BEIJING—China passed a new antiterrorism law that stepped back from previous language of concern to global technology firms, but which still raises questions about its scope and the potential impact on companies doing business there.
The law, passed Sunday by China’s rubber-stamp parliament, also authorized the armed forces and paramilitary police to take part in counterterrorism operations in foreign countries with the approval of those countries and Beijing’s military leadership.
Chinese authorities say the law is intended to help prevent terror attacks in China and better protect its citizens overseas, four of whom were killed by militants in Mali and Syria in November.
Beijing has blamed a series of recent attacks in China on jihadist separatists from the northwestern region of Xinjiang, where some of the mostly Muslim Uighur ethnic group have been resisting Chinese rule for decades.
The new law contains much of the language from a draft version released a year ago that U.S. officials, business groups and rights advocates criticized as having an overly broad definition of terrorism and onerous requirements for companies dealing with proprietary commercial information and private data in China.
The final version of the law requires telecom operators and Internet companies to help authorities with decryption of data and other counterterrorism efforts. Unlike the draft version, however, it leaves out some controversial language requiring tech companies to store their data locally and provide their encryption systems for review to be able to operate in China.
Still, the broad wording that tech companies must provide “technical means of support” to China’s government for counterterrorism has prompted concern among some U.S. tech firms, according to a person familiar with the matter.
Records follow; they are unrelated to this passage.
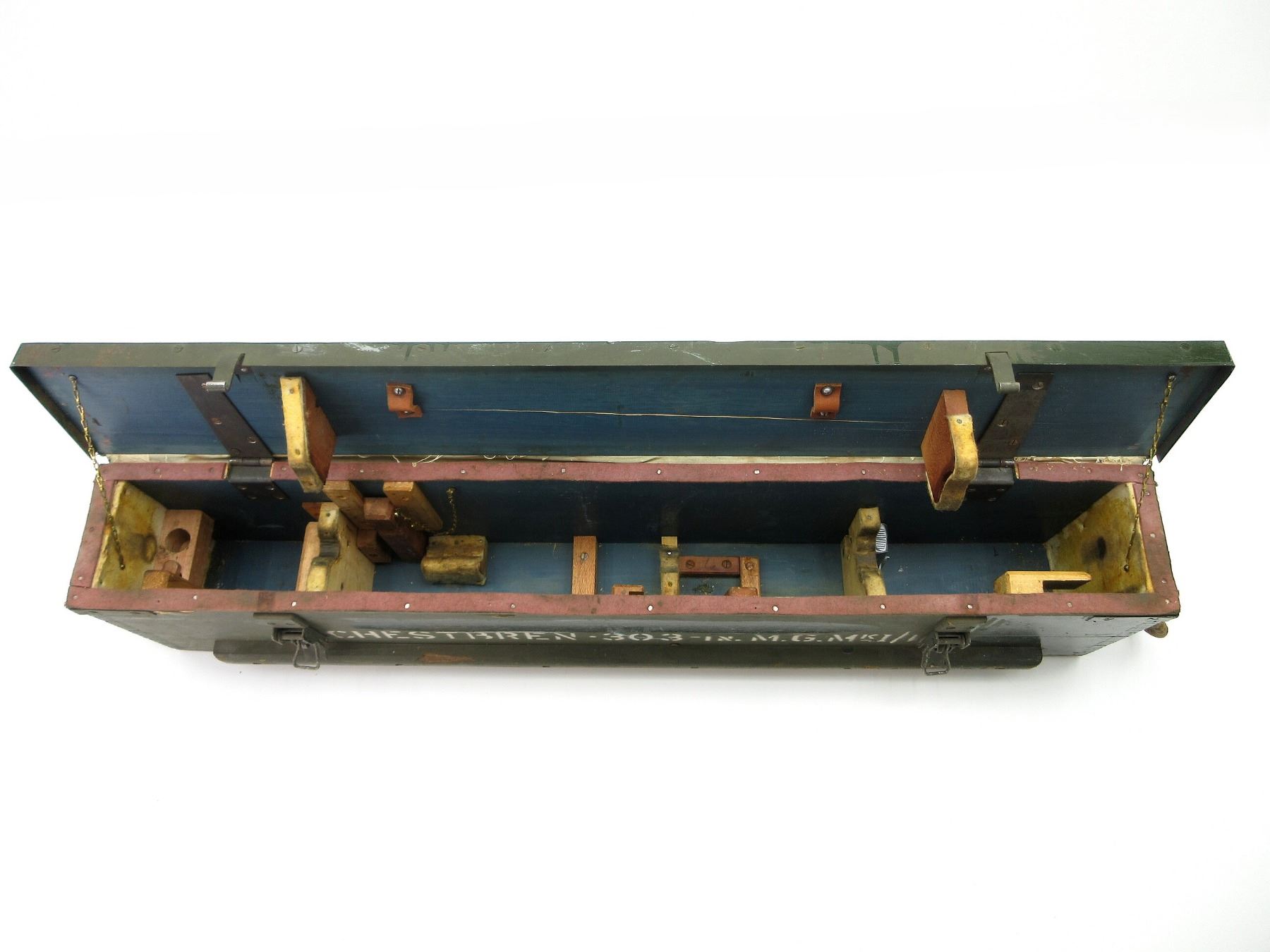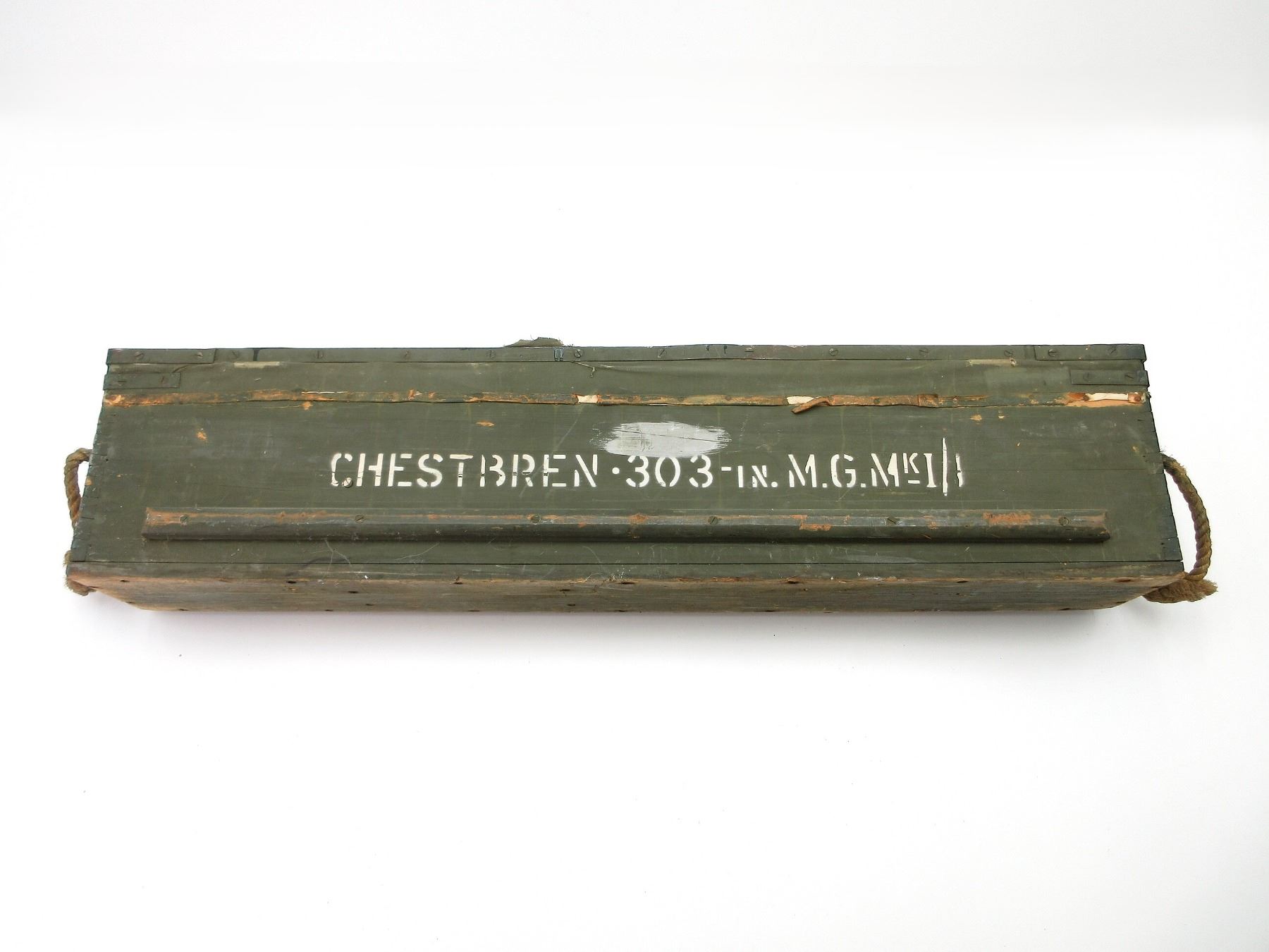 (1) FITS BREN'S MKI & MKII, VARIOUS DIVIDERS & BLOCKS INSIDE, GREEN PAINTED WOOD WITH ROPE HANDLES, METAL FITTINGS, MARKED: "P & B, 52", BROAD ARROW OVER "233", "CHEST BREN .303 IN M.G. MK 1/1" & VARIOUS OTHER MARKINGS, CRACK / SPLIT IN LID & APPROX. 49.75" X 9" X 11.25". SEE PHOTOS. *ADDITIONAL SHIPPING CHARGES MAY APPLY*
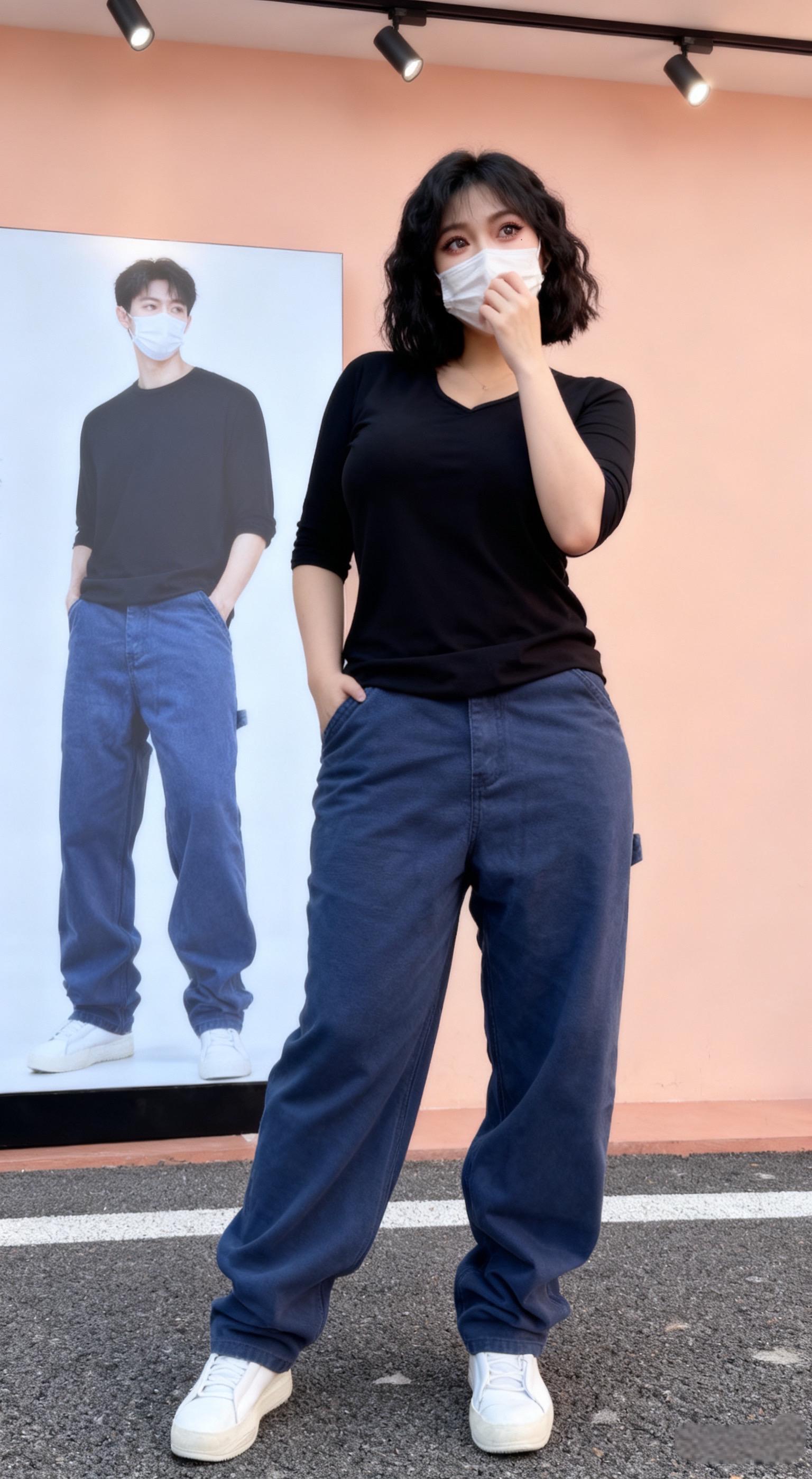 巴黎潮牌男士宽松直筒牛仔裤烫钻印花复古高街设计感亮片阔腿长裤
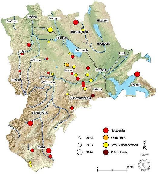 Im letzten Jahr wurden im Kanton Luzern sechs Wölfe gesichtet. Diese konnten durch Nutztierriss oder Foto-und Videoaufnahmen nachgewiesen werden. Aufgrund der aktuellen Entwicklung in der Schweiz (2021: 15 Rudel, 2022: 24 Rudel; www.kora.ch ) ist aber auch zukünftig mit einer vermehrten Wolfspräsenz im Kanton Luzern zu rechnen. Rudelbildungen können dabei nicht ausgeschlossen werden. ( bsa )
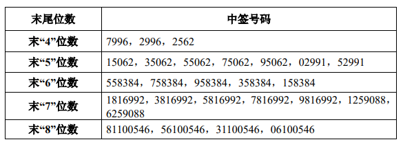 首页>新股>新股攻略 确成股份中签号出炉 中签号码共有43849个 中国证券网2020-11-27 08:31 上证报中国证券网讯 据交易所公告,确成股份公布网上中签结果。中签号码共有43849个,每个中签号码只能认购1000股确成股份A股股票。 中签号码如下:
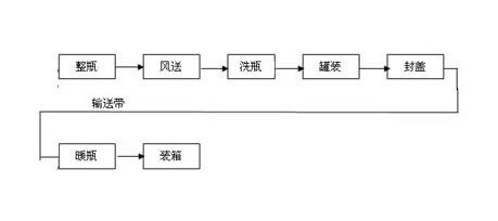 生產(chǎn)線共使用17臺變頻調(diào)速器,每小時(shí)產(chǎn)量15000瓶,分別用于風(fēng)力輸送、傳送帶輸送、洗瓶、裝罐、壓蓋。流程圖各部分的主要功能和工藝流程如下:
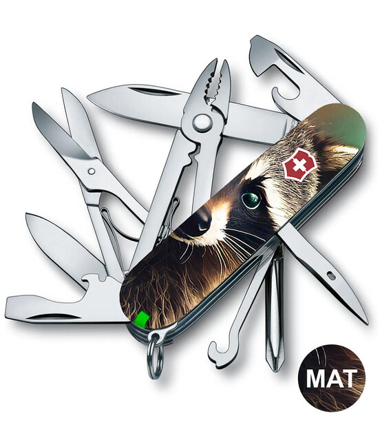 Карманный складной нож среднего размера Victorinox DELUXE TINKER ANIMAL 91мм/18 функций/отвертки/ножницы/плоскогубцы/крюк /Енот (Швейцария) Гарантия: пожизненная

“Telecommunications and Internet service providers should provide technical interfaces and technical support and assistance in terms of decryption and other techniques to the public and national security agencies in the lawful conduct of terrorism prevention and investigation,” says a final version of the law, published by the official Xinhua News Agency.
China’s law comes as data encryption has become a flash point globally between tech firms and law enforcement authorities. U.S. tech companies such as Apple Inc. and Google Inc. have been clashing with U.S. and European governments over new encryption technologies, which law-enforcement officials say hinder their ability to catch terrorists.
Apple criticized a U.K. proposal on Dec. 21 that would give national-security authorities more power to monitor communications. The proposal would require tech companies to retain “permanent interception capabilities” for communications, including “the ability to remove any encryption.”
U.S. President Barack Obama had spoken in support of the U.K. stance against encryption in January, but backed down from trying to change U.S. law in October.
U.S. Federal Bureau of Investigation Director James Comey said in November that the bureau had been stymied in tracking Islamic State’s recruiting efforts due to use of encrypted communication services.
Following Edward Snowden’s revelations that U.S. authorities inserted so-called backdoors in technology products to allow spying, U.S. tech companies have sought to distance themselves from government surveillance in order to regain the trust of consumers. Apple and Google have released software with encryption they say they are unable to unlock.
Chinese officials say they studied U.S. and European Union legislation while drawing up China’s counterterrorism law.
They have also stepped up efforts in recent months to persuade foreign governments that Uighurs resisting Chinese rule should be considered terrorists.
Beijing has long maintained that Uighur separatists have links to al Qaeda and Chinese officials have said in recent months that at least 300 ethnic Uighurs have joined Islamic State in Iraq and Syria.
Some recent attacks in China have borne the hallmarks of jihadist groups, but rights groups and Uighur activists say much of the violence is provoked by police abuses, excessive religious restrictions and a huge influx of non-Uighur migrants to Xinjiang.
The new law also restricts the right of media to report on details of terrorist attacks and the government’s response.
The counterterrorism law is part of a series of new pieces of legislation that many experts say are designed to tighten the Communist Party’s control over the economy and society, and promote a notion of rule of law that doesn’t undermine its monopoly on power.
President Obama has said he raised concerns about an early draft of the counterterrorism law directly with Chinese President Xi Jinping, saying technology companies would be unwilling to comply with its provisions.
U.S. officials and business groups have also expressed concern over a sweeping new national security law, passed in July, that the government says is needed to counter emerging threats but that critics say may be used to quash dissent and exclude foreign investment.
In May, China’s parliament also published a draft of a new law that seeks to tighten controls on foreign nongovernmental groups. Nearly four dozen U.S. business and professional groups signed a letter to the Chinese government in June urging it to modify that draft, which they said could hurt U.S.-China relations.